Angst vor einer starken AfD? Auch das klopften die Meinungsforscher ab. Das erfragte Szenario: Wenn sich abzeichnet, dass die AfD bei der Landtagswahl die mit Abstand stärkste Partei wird oder sogar die absolute Mehrheit der Sitze im Landtag erhält, dann…

…fänden das in Thüringen 29 Prozent gut, 52 Prozent würde das Angst machen, 11 Prozent wäre das egal.

…fänden das in Sachsen 29 Prozent gut, 50 Prozent würde das Angst machen, 13 Prozent wäre das egal.

…fänden das in Brandenburg 24 Prozent gut, 56 Prozent würde das Angst machen, 13 Prozent wäre das egal.

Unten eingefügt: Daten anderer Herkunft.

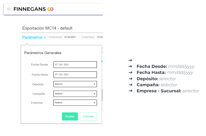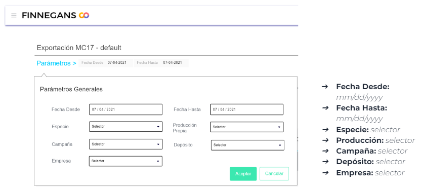 Este instructivo tiene como objetivo describir los datos que se exportan para realizar la presentación de los formularios MC14, MC15, MC17, MC18 según corresponda a la actividad.
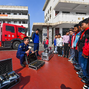 11月8日,東林鎮消防隊員在給東林小學(xué)的學(xué)生們普及消防安全知識。

Zur Datengrundlage und Methodik

Für die Umfrage im Auftrag von RTL Deutschland – der stern ist Teil des Medienunternehmens – hat sich das Meinungsforschungsinstitut Forsa in den drei ostdeutschen Ländern, in denen im Herbst Landtagswahlen stattfinden, mehreren Fragen in Bezug auf die AfD und ihre Anhänger angenommen. Im Rahmen dieser Untersuchung wurden von 7. bis 10. Januar 2024 in Brandenburg 1007, in Sachsen 1507 und in Thüringen 1253 aus dem bevölkerungsrepräsentativen Forsa-omninet-Panel ausgewählte Wahlberechtigte befragt. Die Ergebnisse können lediglich mit den bei allen Stichprobenerhebungen möglichen Fehlertoleranzen (bei diesen drei Untersuchungen +/- 2,8 bis 3 Prozentpunkte) auf die Gesamtheit der Wahlberechtigten in den drei Ländern übertragen werden.